Abstract
Holocephali has foreseeable value to help our understanding of vertebrate genome evolution due to its phylogenetic position. In this study, we reported a complete mitochondrial genome of Hydrolagus mitsukurii, a species of holocephalans. The mitochondrial genome is 20,486 bp in length and comprised 13 PCGs, 2 rRNA, 22 tRNA, and 1 control region (D-loop), as well as a long noncoding insertion between tRNAThr and tRNAPro. A phylogenetic tree based on 13 PCGs showed that Hydrolagus mitsukurii was grouped with the members of the family Chimaeridae. Furthermore, the phylogenetic tree further supported the paraphyletic clades of Hydrolagus and Chimera.
Introduction
Hydrolagus mitsukurii (Jordan & Snyder, 1904) is a species belonging to Holocephali (chimaeras), one of the two monophyletic clades of Chondrichthyes. The species is listed as Near Threatened (NT) according to the IUCN Red List of Threatened Species 2020 (Finucci et al. Citation2020). Holocephali has foreseeable value to help our understanding of vertebrate genome evolution due to its phylogenetic position (Venkatesh et al. Citation2007; Inoue et al. Citation2010). Venkatesh et al. (Citation2007) reported the small genome (910 Mb) of an elephant shark (Callorhinchus milii), and they found that the small genome has a higher percentage of conserved sequences with the human genome compared to teleost fish genomes. A total of 15 mitogenomes of Holocephali were reported at the time of writing. The genetic information of Holocephali needs to be established to better understand the genome evolution. In this study, we sequenced the whole mitochondrial genome of H. mitsukurii to investigate the phylogenetic relationship with other species in Holocephali.
Materials and methods
A specimen of H. mitsukurii () was collected in the northern South China Sea (21.00 N 118.00 E) in August 2021 at 1300 m depth. The specimen was deposited at the Second Institute of Oceanography with voucher number B6313400002 (Dr. Xiaogu Wang [email protected]). Total DNA was extracted by Marine Animal Genomic DNA Kit (TRAN, China), and the mitochondrial genome was sequenced using the Illumina Novaseq PE250 (Shanghai Personalbioc Co., Ltd., Shanghai, China) and assembled by A5-miseq v2015052 (Coil et al. Citation2015) and SPAdes v3.9.0 (Bankevich et al. Citation2012). The collinearity of the splicing results obtained by different software was analyzed using MUMmer v3.1 (Kurtz et al. Citation2004). Based on the results of collinearity, the position relationship between contigs was determined and the gap between contigs was filled. The results were corrected using Pilon v1.18 (Walker et al. Citation2014) to gain the complete mitochondrial genome. The 5,484,646 reads were mapped in Geneious Prime (Biomatters Ltd., Auckland, New Zealand) to check the assembled mitogenome, yielding a coverage of 3,666× (Fig. S1). The complete mitogenome was annotated in MITOS Web Server (http://mitos.bioinf.uni-leipzig.de/) (Bernt et al. Citation2013). The phylogenetic analysis was performed based on 13 protein-coding genes (PCGs) from all available 15 mitogenomes of Holocephali, as well as 10 mitogenomes of sharks, and 4 mitogenomes of rays. The 13 PCGs were aligned and concatenated using Geneious Prime. The best-fit models of the evolution were calculated and maximum-likelihood phylogenetic tree was performed using IQ-Tree v1.6.12 (Kalyaanamoorthy et al. Citation2017; Minh et al. Citation2020).

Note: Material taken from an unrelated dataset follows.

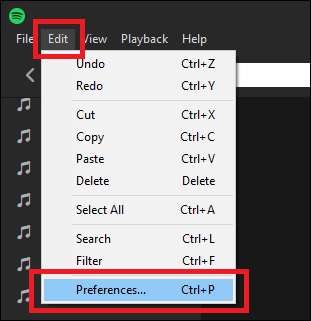 כדי להשבית את תכונת שיתוף העדכונים, התחל על ידי כניסה להעדפות Spotify שלך על ידי לחיצה על הכרטיסייה "ערוך" בפינה השמאלית העליונה ובחר "העדפות".

Figure 1. Hydrolagus mitsukurii (Jordan & Snyder,1904), specimen B6313400002, photographed by Chen Fang (one of the authors).
Results and discussion
The mitochondrial genome of H. mitsukurii is 20,486 bp in length with 32.95% A, 29.43% T, 25.3% C, and 12.33% G. The genome comprised 13 PCGs, 2 ribosomal RNA genes (rRNA), 22 transfer RNA genes (tRNA) and 1 control regions (D-loop) (). All PCGs start with codon ATG and stop with TAA, except for COI and ND2. COI gene uses GTG as the start codon and terminates with the AGG codon, whereas ND2 gene terminates with AGG codon. Most genes are located on the heavy strand, with exception of 8 tRNAs and the ND6 gene which are located on the light strand. In addition, a long noncoding insertion (2843 bp) appears between tRNAThr and tRNAPro (Inoue et al. Citation2010; Gomes-dos-Santos et al. Citation2020; Gomes-dos-Santos et al. Citation2021; Vilas-Arrondo et al. Citation2022).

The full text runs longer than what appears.